“After recent attacks in Beirut and Paris, people may feel the world is a dangerous and messy place and wish to withdraw from it, but we must resist this reaction in order to avoid nations becoming xenophobic,” said Donald Steinberg, President of World Learning at an event held at the U.S. Institute of Peace in Washington DC this past Monday, November 16, 2016. “More important than the bombs that were used was the work of civil society in building peacebuilding capacity dealing with trauma, and holding peace and conflict mediation trainings.”


Five panelists from different organizations shared their perspectives on the role of international education in peacebuilding to a packed audience

Mr. Steinberg joined several other panelists from civil society organizations in a discussion about the role of international education in peacebuilding, a field in which Peace Boat US is actively involved. The panel noted that in this increasingly globalized world, international education is more important than ever; it helps to build cross cultural skills, learn new perspectives, raise empathy and curiosity, and realize ways in which others can be very similar to ourselves yet at the same time very different.


The event was held at the United States Institute of Peace in Washington DC, an independent, nonpartisan institution that was established to increase the nation’s capacity to manage international conflict without violence.

The panelists continued by explaining what remains to be done to fully realize the potential of international education that contributes to peacebuilding. Fanta Aw, Assistant Vice President of Campus Life at American University, pointed out that concepts of race and gender are oftentimes absent from conversations about international education and peacebuilding, and that the issue of human security needs to be addressed more often. Mr. Steinberg noted that people of color, people with disabilities, and members of the LGBT community need to be included more in international education and exchange programs. Shamil Idriss, President of Search for Common Ground, said that young people need more safe venues where they can be respectfully heard—even if their opinions are strong and others do not agree with them. He also spoke of the challenge of creating international exchange programs on a massive and affordable level, and highlighted virtual exchange programs as one solution that allows large numbers of young people to connect via virtual platforms without incurring great program costs. The U.S., he informed the audience, aims to give one million American youth the opportunity to connect with youth in Muslims countries through virtual platforms over the next five years.

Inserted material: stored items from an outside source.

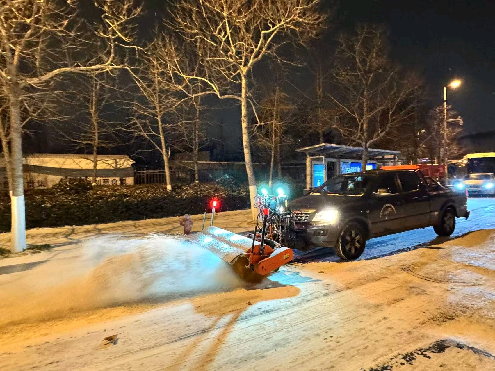 并且,针对关键路段精准撒布环保融雪剂,人工清扫则聚焦机械覆盖不到的人行道、路口转角,手持工具细致铲除残冰积雪。全力守护道路安全畅通,保障市民群众出行安全。
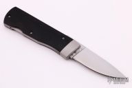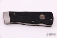This Rolox by Benchmark Knives features a matte finished blade with swedge and notched thumbrest. The handle has a matte finished stainless steel frame and black linen micarta scales, stainless steel liners and backspacer. Comes with original nylon sheath. Has some light scuffs, otherwise excellent condition.
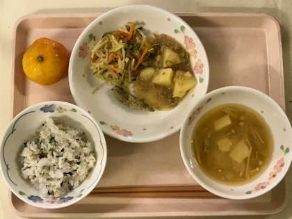 付け合わせにさきいかが入ったサラダに、じゃがいもをひき肉のあんかけで合わせた煮物がつきました。
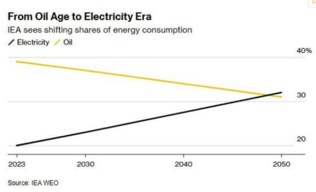 图:从石油年代转向电力时代(IEA预计能源消费份额正在发生转变,黑线指电力,黄线指石油)
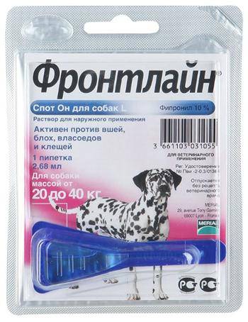 Капли «Фронтлайн Спот Он L» созданы для обработки собак весом 20-40 кг и представляют собой бесцветную жидкость с незначительным запахом. Они эффективны в отношении эктопаразитов, хейлетиеллы и возбудителя ушной чесотки. Средство вызывает паралич вредителя и его гибель. В качестве активного вещества используется фипронил (10%) с ярким контактным инсекто-акарицидным действием. Форма выпуска – флакон-капельница на 2,68 мл.
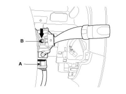 3. Remove the wiper switch after disconnecting the connector (A) with pushing the lock pin (B).
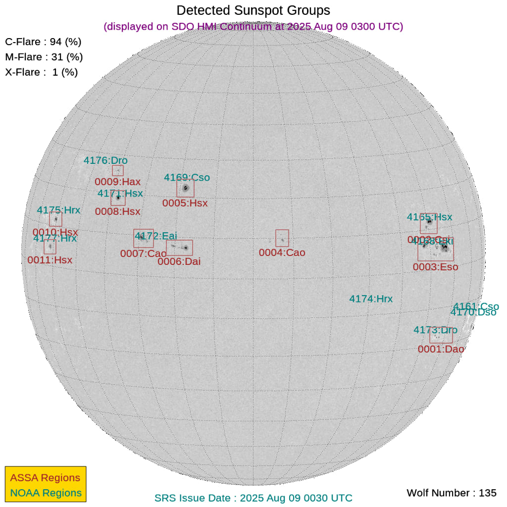 新しい黒点群が3個カウントされました。黒点数は177個です。
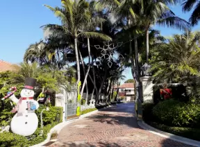 Walk past mansions in the shade of pine and palm trees on Palm Beach Island.

Peace Boat US works with local communities and other NGOs to create international education and peacebuilding programs that bring people together across borders.

In all peacebuilding and international education initiatives, listening to others is extremely important, and though it may sound simple and easy, it’s oftentimes not–but it holds great power to awaken people and bridge divides, concluded Melanie Greenberg, President of Alliance for Peacebuilding. Being globally tuned in while acting locally is also key, she stated, given that global and local realities are directly connected. Fortunately, she added individuals and civil society organizations have far more power today than in the past to shape peacebuilding efforts in our world today, and many cases exist around the globe of where their work has been highly successful.

As a civil society organization engaged in international education and peacebuilding, Peace Boat US will continue to help build a culture of peace around the world by bringing people together across borders for study, exchange, dialogue, and cooperation on land and on board the Peace Boat ship. Echoing a quote cited by Mr. Steinberg: “The way to learn to live together is by living together.”